Monday, Jun. 21, 1926

Inquiry

Pennsylvania senatorial primary expenditures were last week scrutinized by a Senatorial Committee appointed to examine charges that the candidates, especially Vare and Pepper, had spent extravagant sums during their campaigns.

Heading the committee is inquisitive Senator Reed, Democrat from Missouri; the other Democrat on the committee is Senator King of Utah, one of the least silent men in the upper house. Young Senator LaFollette, Progressive Republican from Wisconsin, not inclined to be forward, has yet shown in the Tariff Commission investigation that he is not the type to sit back dumbly during cross-examining. The Republican side of the committee has Senator Goff of West Virginia, a so-called hard-boiled Republican of the genus bred in West Virgina, and Senator McNary of Oregon, known in the Senate as an able cloakroom politician.
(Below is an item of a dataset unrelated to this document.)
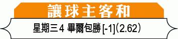 西班牙盃周三舉行32強首回合比賽,兩支西甲球隊對陣,由畢爾包主場迎戰侯爾斯卡;兩軍開季成績均欠理想,目前沉淪於聯賽下游,不過論實力,主隊擁有阿度里斯及蒙尼恩等好手,質素遠勝客軍,信畢包可大勝一場,先拔頭籌,「讓球主客和」[-1]熱捧「主勝」。

Because Governor Pinchot had requested investigation, he was the first to be examined. His wife and his aunt (Mrs. Charles B. Wood) were in the committee room when the Governor sank his tall, lean frame into the witness chair, turned a saddened eye on Senator Reed, recalled the expenditure of $43,000 of his own personal money on the campaign.

Then he said his wife had contributed $40,000, his aunt $50,000, a college friend $11,000, his brother Amos $11,000. The grand total might be $195,000. That equals the amount for which Mr. Newberry of Michigan was "severely condemned and disapproved" by a previous investigating committee. However, Mr. Pinchot's Pennsylvania has more than twice the population of Michigan, hence the per capita amount was less.

With tilted cigar in one corner of his mouth, Senator Reed relishingly continued the grill. He spent much time seeking for traces of Anti-Saloon League complicity, but Mr. Pinchot said that there was no use, since the League had thown him over and followed Senator Pepper as the better bet," although Pinchot was the bone-dry candidate. Senator Reed observed: "They could be happy with either if the other dear charmer were away."

"Did the W. C. T. U. give you any financial support?" queried Senator King.

"No, but they worked very hard," replied the bone-dry man. His secretary later admitted paying $200 to Mrs. Azuba Jones, late of the W. C. T. U. for "dissemination of information," a phrase that rolled somewhat acidly off Senator Reed's tongue when he learned it meant speechmaking.

The Missourian Reed also noted an expenditure of $16 for water at the Pinchot headquarters and solemnly demanded to know if that item was not padded.

"I'll bet there's no such item on Vare's expense," he remarked. Pinchot witnesses testified that the Pepper committee assigned an average of 25 "watchers"* and the Vare committee an average of 10 "watchers" to each election district, paying them $10 each, the aggregate outlay for that purpose alone calculated at half a million dollars. It was also charged that there had been "juggling" in the counting of ballots in certain districts.

Later the Pepper expenditures were explored and even the seasoned members of the committee professed to be dazed. His campaign cost $1,087,000. Of this amount $390,000 had been borrowed and there is more than $100,000 to be paid. The Mellons' Pittsburgh committee had raised $306,000, and two other committees had each raised $125,000. One Pepper campaign manager testified that he had been the victim of misplaced confidence in expending money to promote additional registration of voters who later voted for Vare instead of Pepper.

When the Committee had ferreted through the accounts of Pinchot and Pepper, they examined the winning candidate's records and found that Vare, the light-wine and beer man, had spent upwards of $500,000, much of it in cash. Edward M. Kenna of Pittsburgh, of the Vare western headquarters, Allegheny County Treasurer for six years (at $6,500 a year), admitted after being pressed by Senator Reed, that he had contributed $20,000 of his own cash outright. Others in the Pittsburgh district donated amounts totaling $110,000.

After some hesitancy, Secretary Mellon undertook a "common sense" defense of everyone's expenses. Wages of political workers had risen like other wages, he said. It had cost $42,000 merely to mail one letter to every registered Pennsylvania voter. Huge advertisements had been thought necessary to combat the appetizing Vare beer cry. Political moneys spent in Pennsylvania were "as legitimate as money given to a church." If there was a culprit it was no man but the direct primary itself.

Sweltering on through check stubs, typewritten balance sheets (suspiciously fresh and pat, thought Investigator Reed), the committee determined that the Pennsylvania primary had cost about $2,000,000 altogether. It was ten times as expensive as the celebrated Newberry outlay in Michigan and exceeded the entire cost of the 1924 Democratic campaign.

Significance. All that the Senate Committee can do is to throw up its hands in horror at the Pennsylvania expenditures, and declare them against public policy-- unless actual corruption is discovered. The findings of the committee will undoubtedly make campaign material for some candidates, will make campaign managers cautious in the use of funds.

*A "watcher" is a person hired to visit voting booths to insure his employer's receiving all the votes cast for him. In Pittsburgh it was asserted that one-third of the voters were "watchers," allegedly purchased at $10 each.